Ue-Cina, Trump e Brexit. Parla Gideon Rachman
Gideon Rachman è il Chief Foreign Affairs columnist del Financial Times. Accetta di conversare con AffarInternazionali e Radio Radicale.
“Ursula von der Leyen, presidente della Commissione europea, afferma di voler guidare una Commissione geopolitica. Ma von der Leyen ha concluso il 2020 inviando un messaggio geopolitico davvero terribile, con la sua Commissione che concludeva un trattato sugli investimenti tra Ue e Cina“. Comincia così un suo recente editoriale sul Financial Times. Perché considera il messaggio della presidente così terribile?

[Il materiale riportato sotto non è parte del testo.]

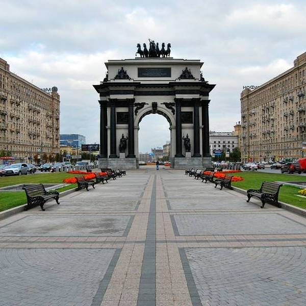 胜利广场站位于深蓝线西部,开放于2003 年6 月5 日,得名于附近的胜利广场。地铁站深84 米,是莫斯科最深的地铁站,也是世界上三大最深地铁站之一,乘坐扶梯出入站需要大约3 分钟的时间。胜利广场站由两个平行的大厅构成,由深浅不同的棕色大理石装饰,在两个大厅的尽头分别有一幅由祖拉布·采列捷利创作的1812 年卫国战争主题的壁画。
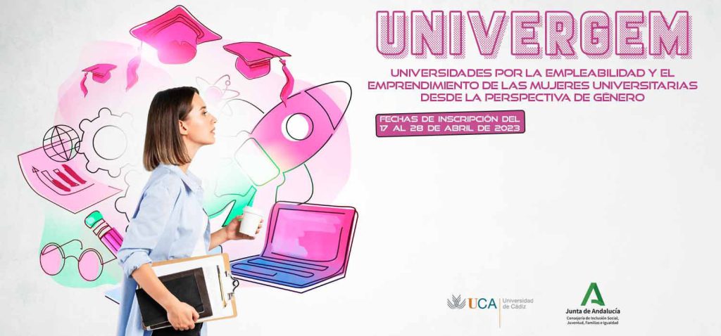 El Vicerrectorado de Estudiantes y Empleo de la Universidad de Cádiz, a través del Centro de Promoción de Empleo y Prácticas, informa de la puesta en marcha del programa UNIVERGEM 2023 con el apoyo del Instituto Andaluz de la Mujer de la Consejería de Inclusión Social, Juventud, Familias e Igualdad de la Junta de Andalucía. Las inscripciones para esta iniciativa, que se dirige a universitarias de la UCA para mejorar su empleabilidad, se pueden presentar hasta el próximo 28 de abril vía CAU
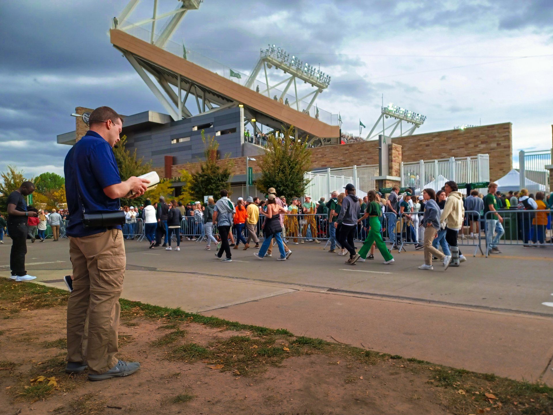 - This week was homecoming at Colorado State University. The weather was very nice and the crowds were plentiful. Larry Helmuth and I were preaching at the north gate of the stadium from about 2:15 to the 5:00 PM kickoff. I preached from Psalm 107, Matthew 8, and John Chapter 4. Larry also preached from several passages concerning the kingdom of God and our need to enter into His kingdom by faith alone in Christ alone. We were blessed to be out in our community striving to represent Christ and to preach His gospel well.
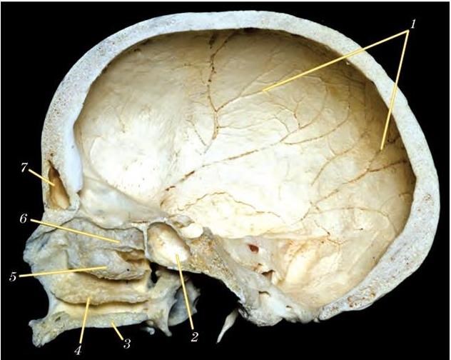 Рис. 16. Височная кость. Вид изнутри. Натуральный анатомический препарат:
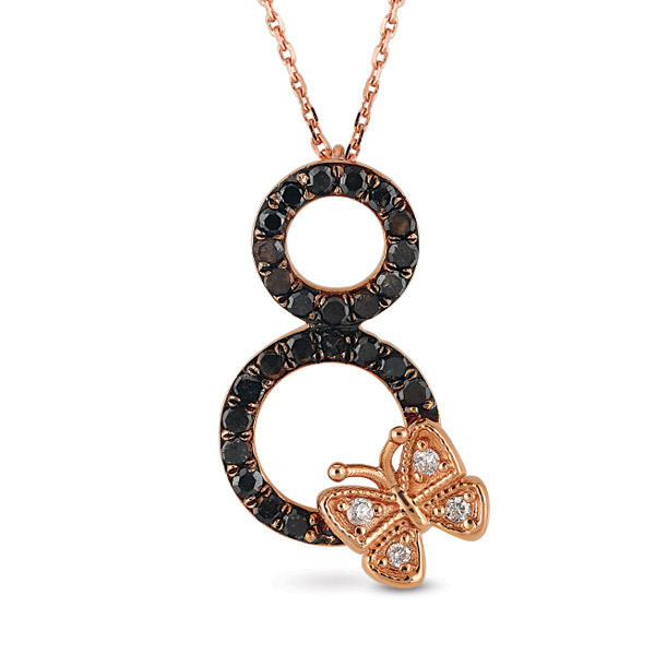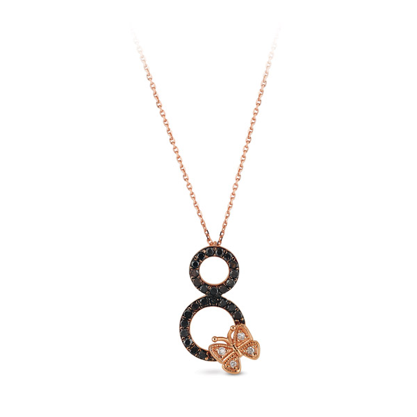 Kelebek model kolye 14 ayar altın madeninden üretilmiştir. Kolye üzerinde 4 adet 0,02 karat ağırlığında H renk VS/SI berraklığında pırlanta taş ve 12 adet 0,13 karat ağırlığında siyah pırlanta mevcuttur. Kolye zinciri 42 cm uzunluğundadır. Kolye 2,99 gram ağırlığındadır.
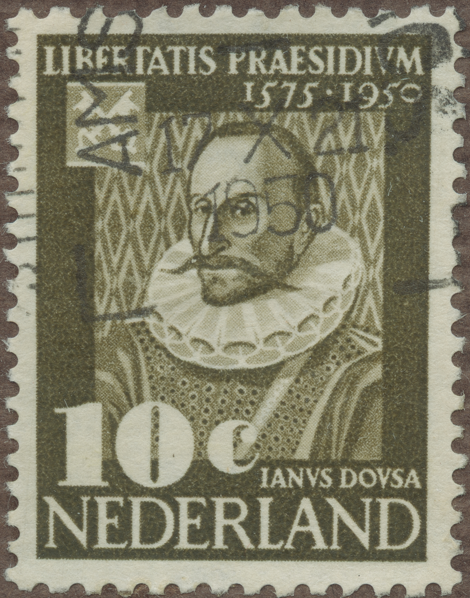 Frimärke från Nederländerna, 1950. Motiv av Janus van der Dousa 1545-1609 Den förste "Curatorn" när Leydenuniveritetet grundades Universitetet 375 år 1575-1950

“È terribile perché è arrivato alla fine di un anno in cui la Cina ha compiuto una serie di azioni aggressive. Firmando l’accordo l’Ue ha fatto capire, senza realmente volerlo, di non preoccuparsi molto di queste azioni. Per riassumere, nel corso dello scorso anno la Cina ha soppresso le libertà a Hong Kong, ha ucciso soldati delle truppe indiane, ha minacciato di invadere Taiwan, ha sanzionato l’Australia. Pechino ha inoltre adottato un comportamento piuttosto aggressivo verso le critiche mosse in seguito allo scoppio della pandemia di Covid-19, ad esempio opponendosi all’idea di un’indagine internazionale al riguardo, che finalmente sta prendendo il via. Hanno usato quella che loro stessi chiamano la wolf-warrior diplomacy, ovvero una risposta aggressiva. Credo che con la firma dell’accordo, l’Ue abbia inviato una sorta di rassicurazione alla Cina che non ci sarebbe stato nessun prezzo economico da pagare per questo.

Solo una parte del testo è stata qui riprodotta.